## Work item
The listing below should be written out word for word, with its pictures removed.

## Supplied information
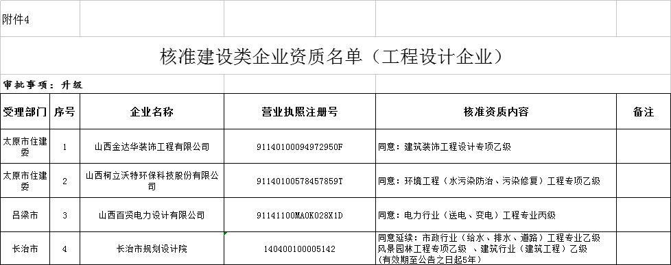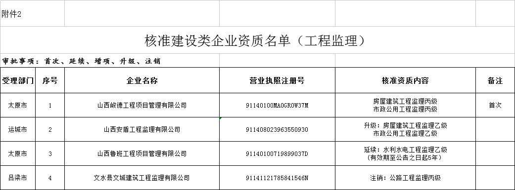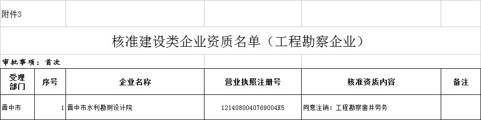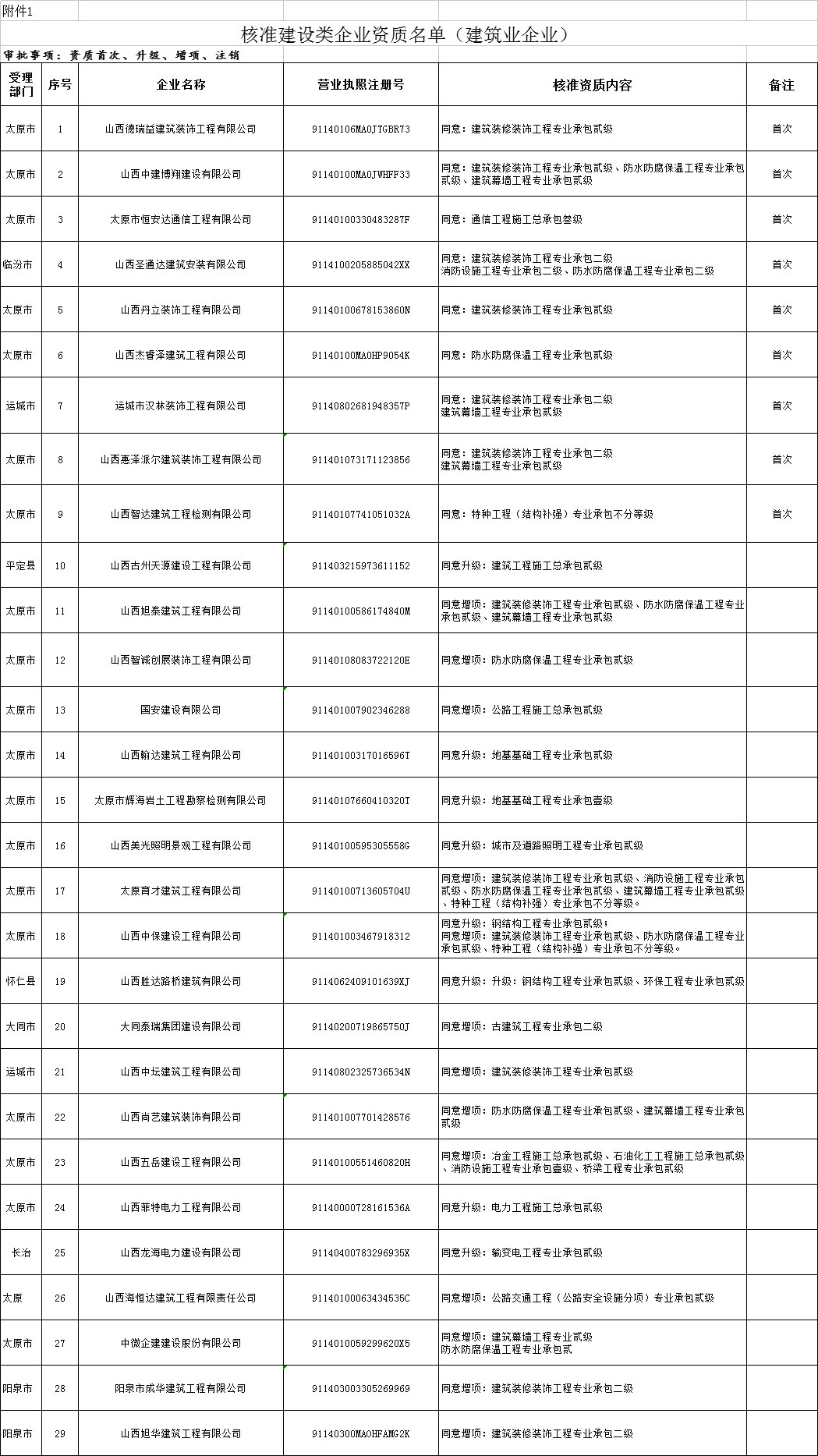 根据《建筑法》、《行政许可法》、《建筑业企业资质管理规定》(住房和城乡建设部第22号令)、《工程监理企业资质管理规定》(建设部令第158号)、《工程勘察设计企业资质管理规定》(建设部令第160号)等有关规定,现将经我厅依法审查核准的建设类企业资质(共38家)予以公布(见附件)。
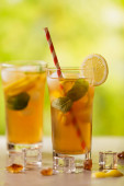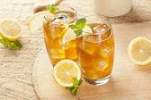Ice herbaty z cytryna i mięta na tle drewnianych. Kopiować miejsca. Tło żywności. Tonowanie
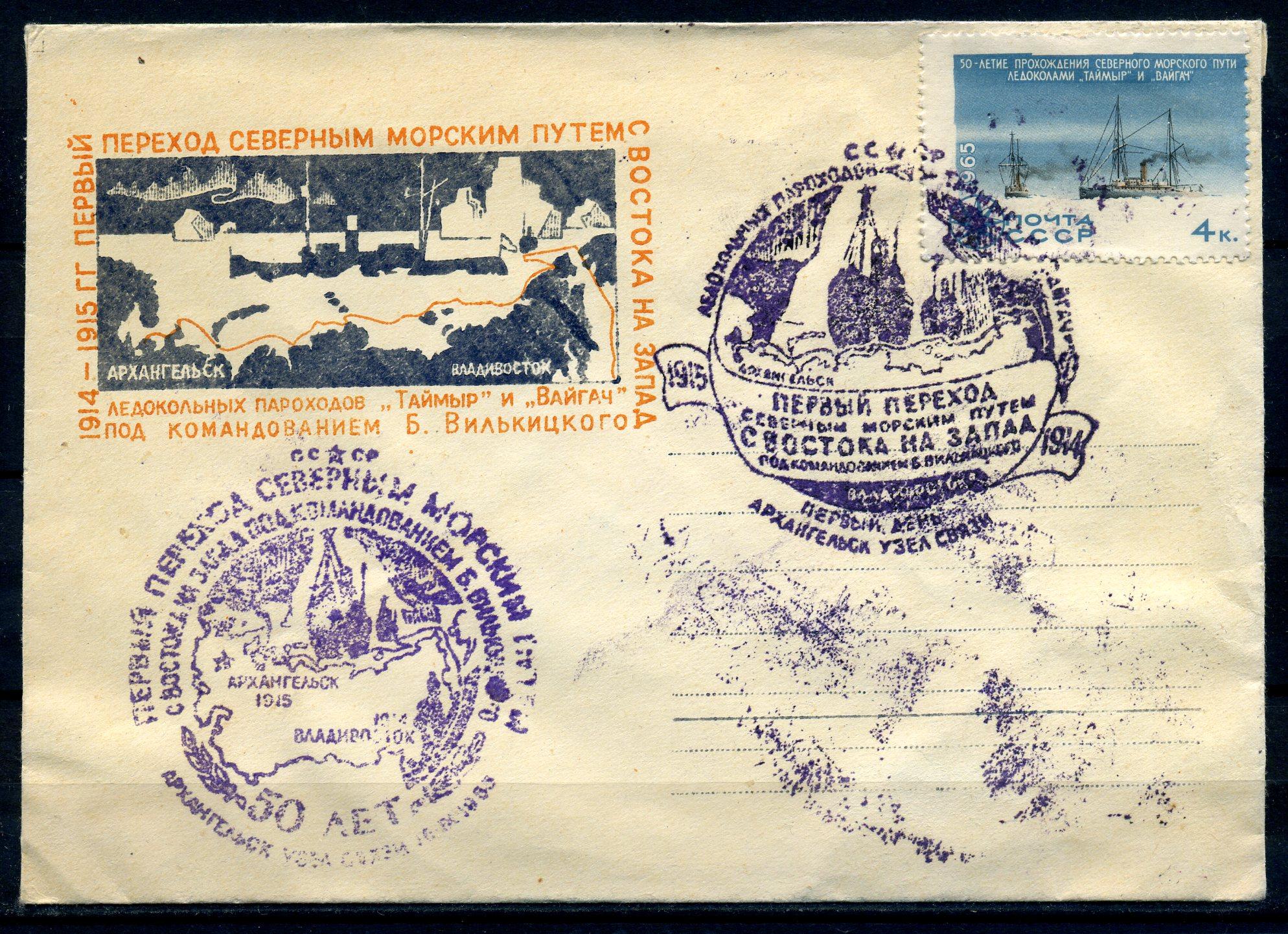 Немаркированный конверт с маркой и СГ. СССР 1965 г. Переход северным морским путем. КО.

## Solved exercise
 根据《建筑法》、《行政许可法》、《建筑业企业资质管理规定》(住房和城乡建设部第22号令)、《工程监理企业资质管理规定》(建设部令第158号)、《工程勘察设计企业资质管理规定》(建设部令第160号)等有关规定,现将经我厅依法审查核准的建设类企业资质(共38家)予以公布(见附件)。
Ice herbaty z cytryna i mięta na tle drewnianych. Kopiować miejsca. Tło żywności. Tonowanie
 Немаркированный конверт с маркой и СГ. СССР 1965 г. Переход северным морским путем. КО.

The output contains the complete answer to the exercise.